El flamante presidente de la UCR bonaerense dialogó con FM Reflejos sobre el desafío de reconstruir la institucionalidad del partido. Con una fuerte autocrítica sobre los resultados electorales en distritos como Tornquist, Balbín apuesta a un esquema de diálogo y presencia territorial para recuperar el vínculo con la clase media y los sectores productivos de la provincia.
Emiliano Balbín asume la conducción de la Unión Cívica Radical de la Provincia de Buenos Aires en un momento que define como una «nueva etapa». Su designación, surgida de un amplio consenso entre los diversos sectores internos, busca dejar atrás un proceso de «desencuentros» que afectó el desempeño electoral reciente. Según el dirigente, su perfil se caracteriza por el diálogo y la búsqueda de síntesis, evitando la confrontación interna para concentrar las energías en representar de la mejor manera a las regiones bonaerenses.
Al ser consultado sobre la realidad local, Balbín fue tajante al analizar la debilidad del partido en la última elección, donde el radicalismo de Tornquist quedó sin representación en el Concejo Deliberante.
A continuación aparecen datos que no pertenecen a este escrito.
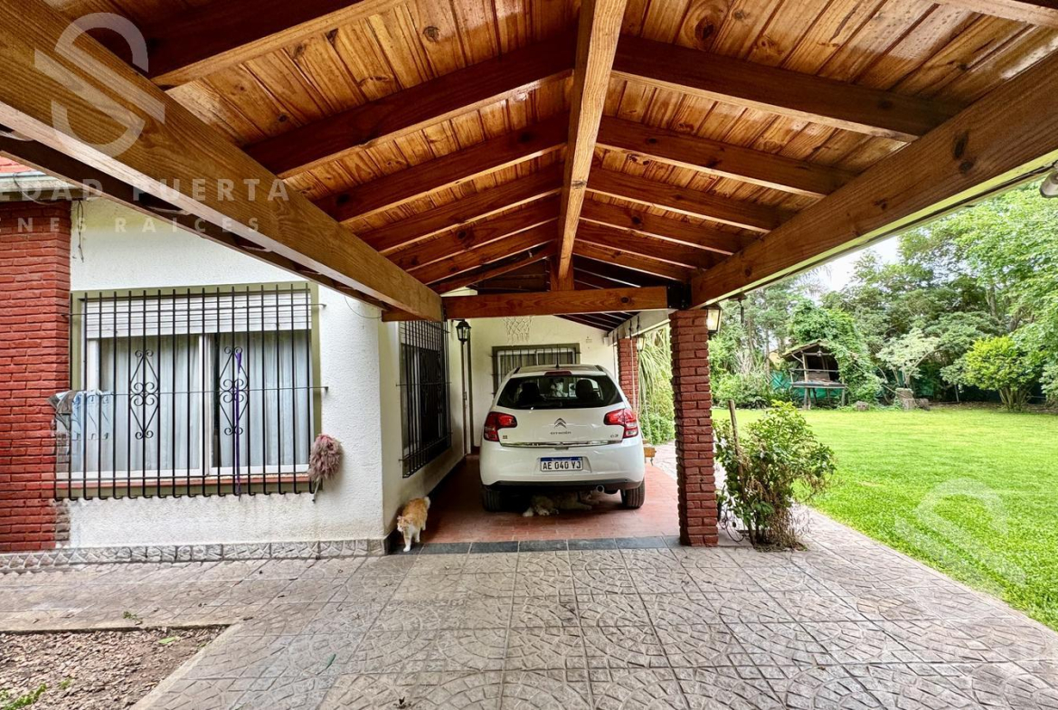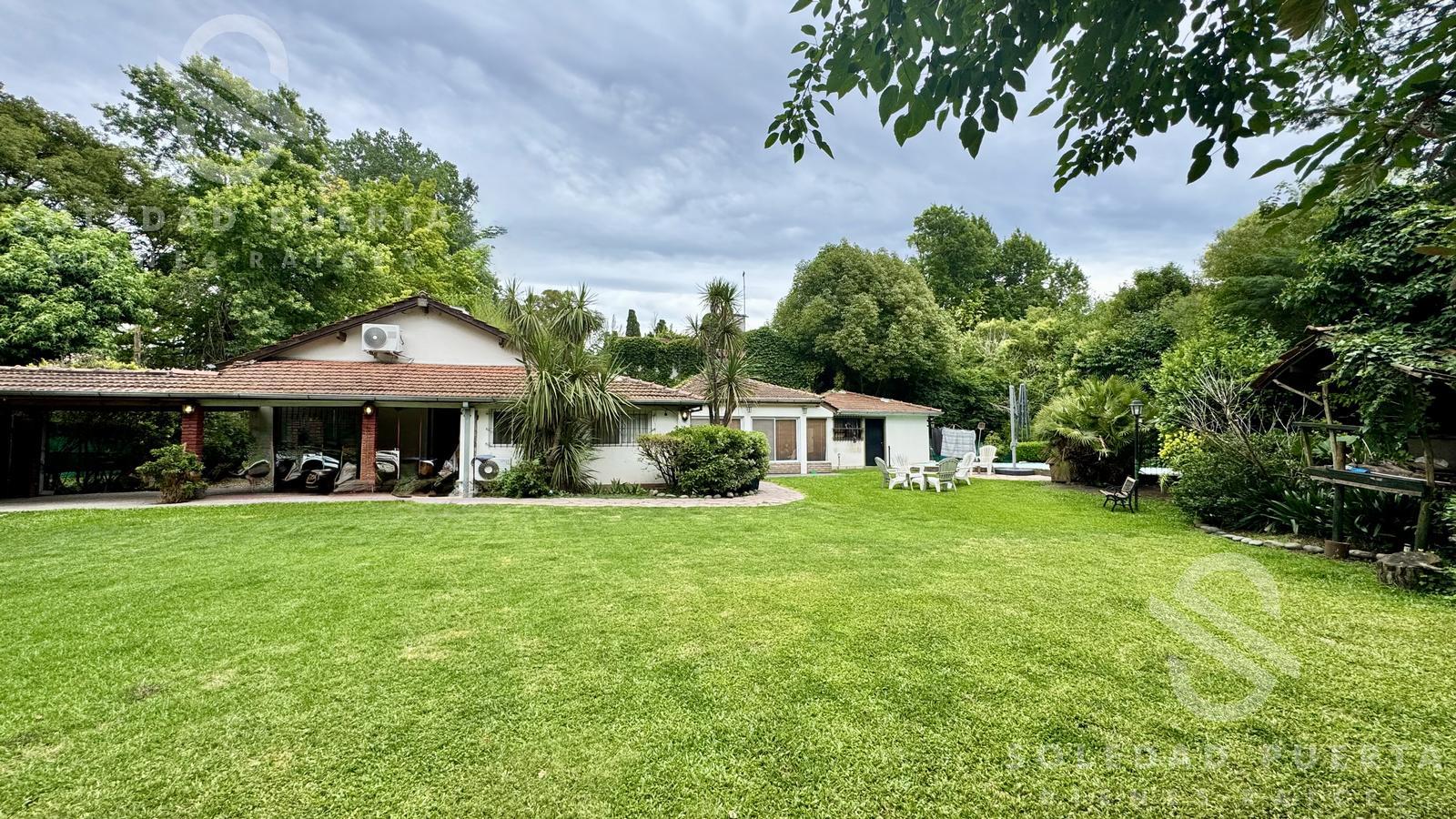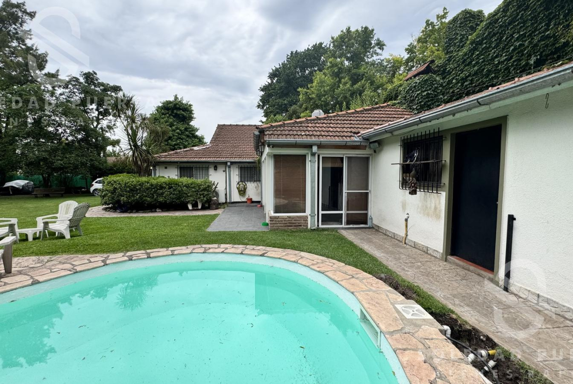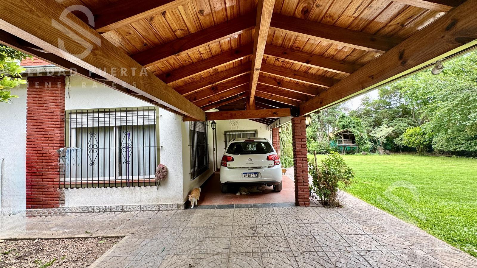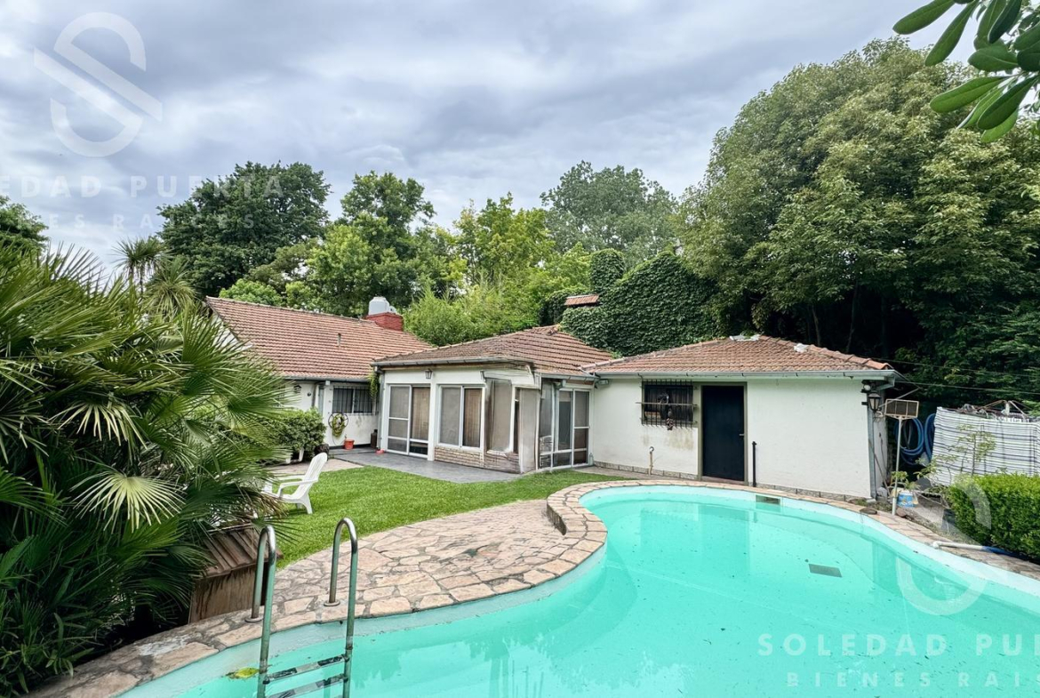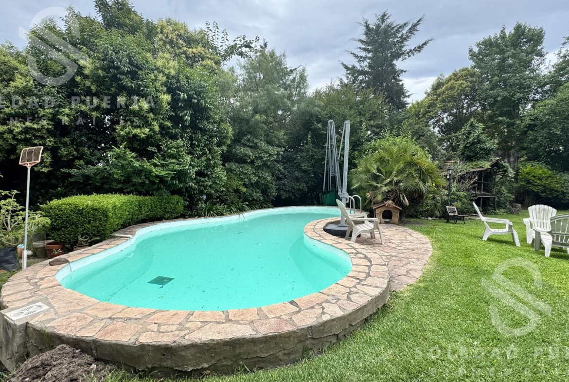 Gran jardín con piscina, lavadero, galpón y cochera techada.

Atribuyó este resultado a una «decisión estratégica desacertada» a nivel provincial, comparando la falta de estructura competitiva con la situación de Colapinto, un piloto sin el respaldo técnico adecuado.
No obstante, celebró que hoy el 90% de los distritos —incluido Tornquist— han logrado conformar listas de unidad. Este orden institucional es, para Balbín, la piedra angular para «dar vuelta la página» y construir una oferta competitiva que permita al partido aspirar a las 135 intendencias y a la gobernación en el futuro.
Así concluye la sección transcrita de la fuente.